**Data to use:**
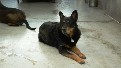 Inzwischen haelt er sich aus Angst vor seinen neuen Zwingerkollegen wieder nur in der Hundehuette auf !
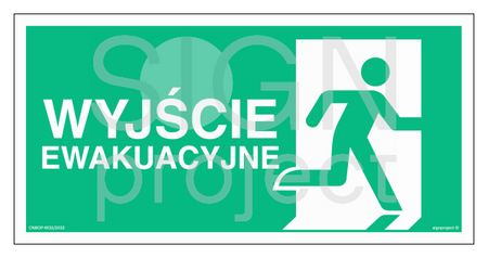 Znak „Kierunek drogi ewakuacyjnej” Znak „Kierunek drogi ewakuacyjnej” przeznaczony jest do oznaczenia drogi ewakuacyjnej w budynkach użytku publicznego. Jest on w kolorze zielonym z obramowaniem i piktogramem strzałki. Ma kształt kwadratu. Znak „Kierunek drogi ewakuacyjnej” jest łatwy w interpretacji i jednoznacznie wskazuje, w którym kierunku prowadzi droga ewakuacji w budynku. Znak „Kierunek drogi ewakuacyjnej” wykonujemy na następujących podłożach:• folia samoprzylepna fotoluminescencyjna• płyta TD fotoluminescencyjna• płyta sztywna 1mm fotoluminescencyjnaPiktogram strzałki jest widoczny w ciemności, ponieważ powstał z wykorzystaniem technologii fotoluminescencyjnej. Znak „Kierunek drogi ewakuacyjnej” dostępny jest w rozmiarach: 30 x 10 cm, 30 x 15 cm, 45 x 15 cm, 60 x 20 cm i 90 x 30 cm.
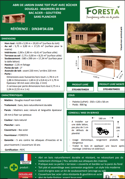 Installation : Sur dalle béton ≤ 1 cm de défaut, usage domestique, lasure recommandée après montage
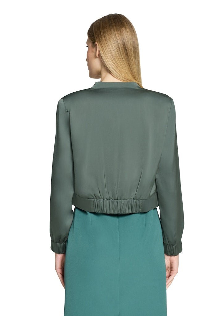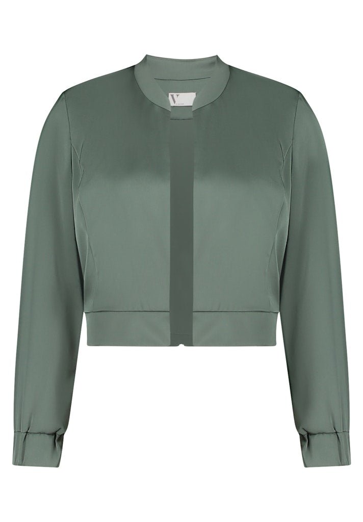 Dit elegante satijnen jasje is de perfecte aanvulling op een feestelijke of formele outfit. Het jasje is uitgevoerd in een luxe satijnkwaliteit met een subtiele glans en heeft een moderne, korte lengte die mooi aansluit op jurken en pantalons met een hogere taille. De ronde halslijn en open voorzijde zorgen voor een verfijnde en tijdloze uitstraling.
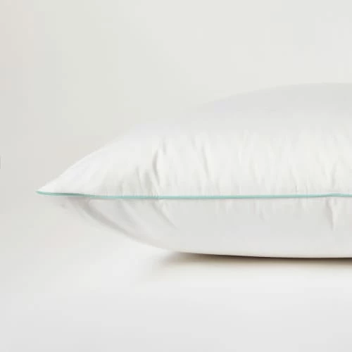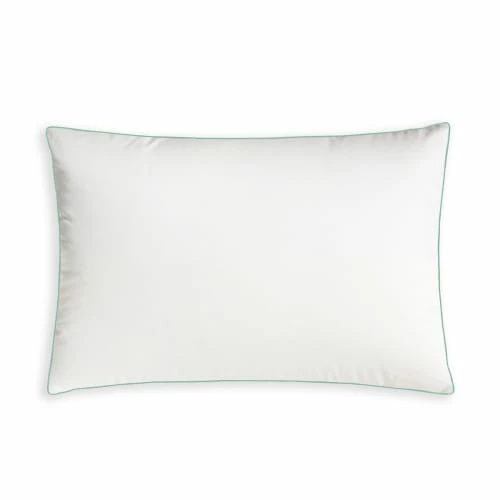 Une finition passepoil vert menthe vient sublimer l’oreiller.
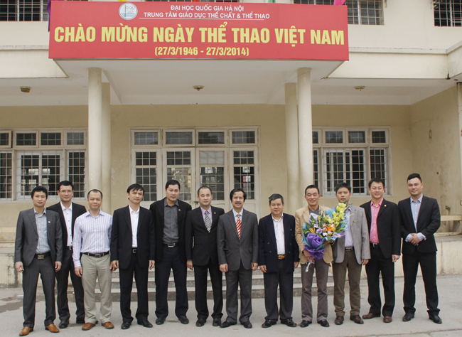 Thay mặt lãnh đạo ĐHQGHN, Phó Giám đốc Nguyễn Kim Sơn đã tặng hoa và gửi lời chúc mừng tới toàn thể cán bộ, giảng viên của Trung tâm. Phó Giám đốc biểu dương những thành tích mà Trung tâm GDTC&TT đã đạt được đồng thời mong rằng Trung tâm sẽ luôn giữ vững vai trò nòng cột trong hoạt động giảng dạy môn Giáo dục Thể chất trong tất cả các chương trình đào tạo bậc đại học, trung học phổ thông chuyên thuộc ĐHQGHN và các đơn vị khác theo yêu cầu và khả năng của Trung tâm cũng như làm đầu mối tổ chức các hoạt động thể dục thể thao, thi đấu thể dục thể thao trong ĐHQGHN theo chức năng nhiệm vụ.

**What is expected:**
Return, exactly as they stand, the lines from the opening line of the listing through the line with "Une finition passepoil", both ends counted, and no pictures.

**Response area:**
 Inzwischen haelt er sich aus Angst vor seinen neuen Zwingerkollegen wieder nur in der Hundehuette auf !
 Znak „Kierunek drogi ewakuacyjnej” Znak „Kierunek drogi ewakuacyjnej” przeznaczony jest do oznaczenia drogi ewakuacyjnej w budynkach użytku publicznego. Jest on w kolorze zielonym z obramowaniem i piktogramem strzałki. Ma kształt kwadratu. Znak „Kierunek drogi ewakuacyjnej” jest łatwy w interpretacji i jednoznacznie wskazuje, w którym kierunku prowadzi droga ewakuacji w budynku. Znak „Kierunek drogi ewakuacyjnej” wykonujemy na następujących podłożach:• folia samoprzylepna fotoluminescencyjna• płyta TD fotoluminescencyjna• płyta sztywna 1mm fotoluminescencyjnaPiktogram strzałki jest widoczny w ciemności, ponieważ powstał z wykorzystaniem technologii fotoluminescencyjnej. Znak „Kierunek drogi ewakuacyjnej” dostępny jest w rozmiarach: 30 x 10 cm, 30 x 15 cm, 45 x 15 cm, 60 x 20 cm i 90 x 30 cm.
 Installation : Sur dalle béton ≤ 1 cm de défaut, usage domestique, lasure recommandée après montage
 Dit elegante satijnen jasje is de perfecte aanvulling op een feestelijke of formele outfit. Het jasje is uitgevoerd in een luxe satijnkwaliteit met een subtiele glans en heeft een moderne, korte lengte die mooi aansluit op jurken en pantalons met een hogere taille. De ronde halslijn en open voorzijde zorgen voor een verfijnde en tijdloze uitstraling.
 Une finition passepoil vert menthe vient sublimer l’oreiller.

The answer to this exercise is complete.